Preparing Textual Data in R

Libraries Needed

We’ll use several R packages in this section:

readr will help in importing the .csv file into R.
tidyverse is a collection of R packages designed for data science, including dplyr with a set of verbs for common data manipulations and ggplot2 for visualization.
tidytext provides specific functions for a “tidy” approach to working with textual data, where one row represents one “token” or meaningful unit of text, for example a word.
readtext provides a function well suited to reading textual data from a large number of formats into R, including metadata.

# Load the libraries
if(!require("tidyverse"))install.packages("tidyverse")
if(!require("tidytext"))install.packages("tidytext")
if(!require("readtext"))install.packages("readtext")
if(!require("readr"))install.packages("readr")
if(!require("SnowballC"))install.packages("SnowballC")

Reading text into R

First, let’s look at the data in the speech data sample.
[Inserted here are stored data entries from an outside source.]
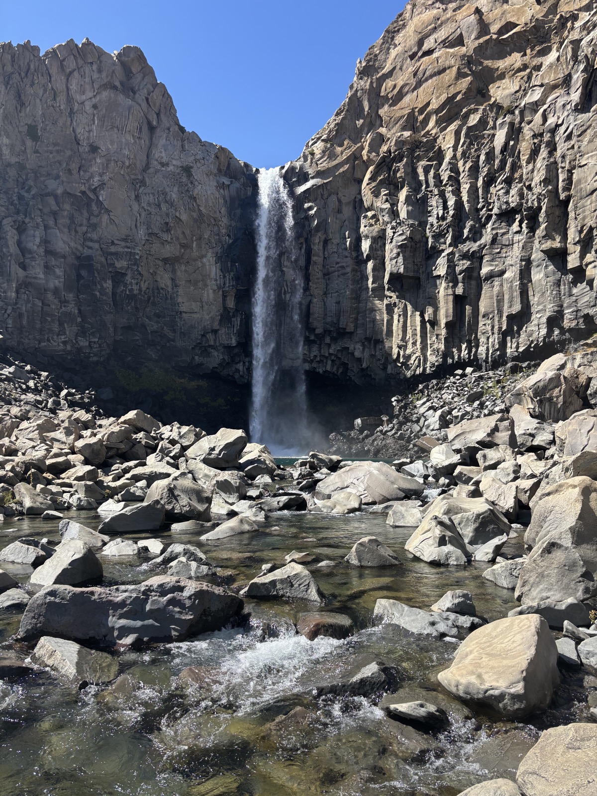 Prohodíme pár slov a taky si vyměníme kontakty a loučíme se. Oni jdou dolů, odkud jsem já zrovna přišel, a já se jdu ještě kouknout kus vedle na spodek vodopádu. Je to super. Voda stříhá všude ve vzduchu.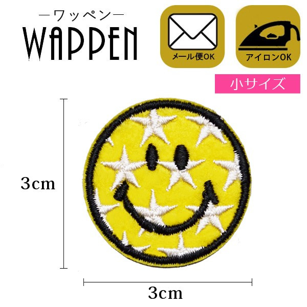 スマイル ワッペン アップリケ 刺繍ワッペン アイロン接着 手芸 手作り スマイルワッペン 縦3cm×横3cm (小)スター母の日 プレゼント ギフト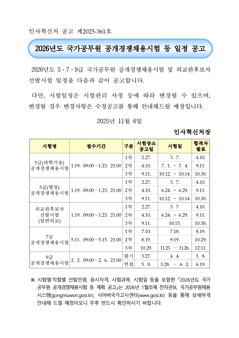 fnctId=bbs,fnctNo=934 글번호 363979 2026년도 국가공무원 공개경쟁채용 시험 일정 공고 수정일 2026.03.31 작성자 국가시험지원센터 조회수 15 등록일 2026.03.31 첨부파일 첨부파일이(가) 없습니다.
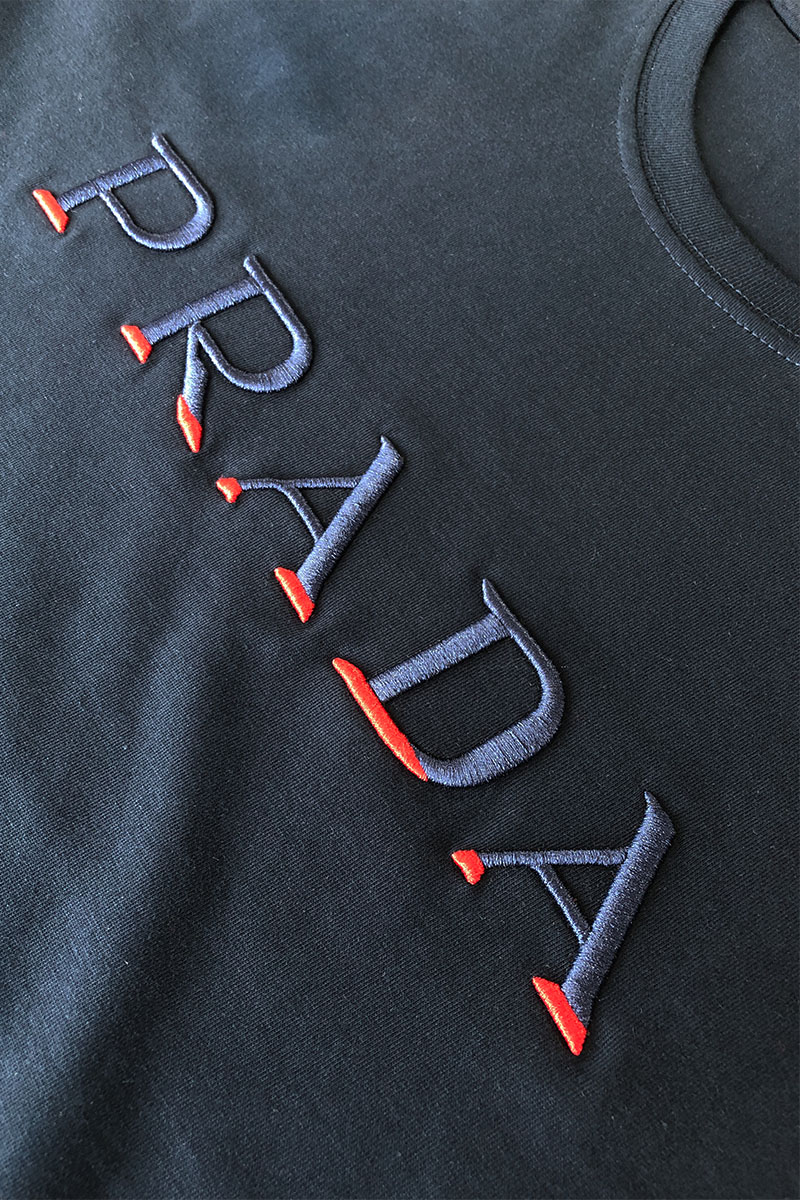 Тёмно-синяя мужская футболка Prada embroidered logo

We can take a look at those by either typing the names or use functions like glimpse() or str().

# import the dataset
speech <- read_csv("speech_data_sample.csv", 
                   show_col_types = F) %>%
  
  # Remove index without a speech
  na.omit() 


# Preview the data
str(speech)

## tibble [12,880 x 2] (S3: tbl_df/tbl/data.frame)
##  $ index : num [1:12880] 1.06e+09 9.60e+08 1.10e+09 1.04e+09 9.90e+08 ...
##  $ speech: chr [1:12880] "mr. president. can i have order. please?" "mr. president. i suggest the absence of a quorum." "madam speaker. february 1 is an extremely important date for us in terms of american security. you might wonder"| __truncated__ "mr. president. i call up my amendment no. 2528. the conradlieberman amendment." ...
##  - attr(*, "na.action")= 'omit' Named int [1:10] 3447 3448 3449 3450 3451 3452 3453 3454 3455 3456
##   ..- attr(*, "names")= chr [1:10] "3447" "3448" "3449" "3450" ...

This sample contain 12,880 speeches.

Cleaning the Speech

Here we remove stop words, special characters, and reduce the speech to stem.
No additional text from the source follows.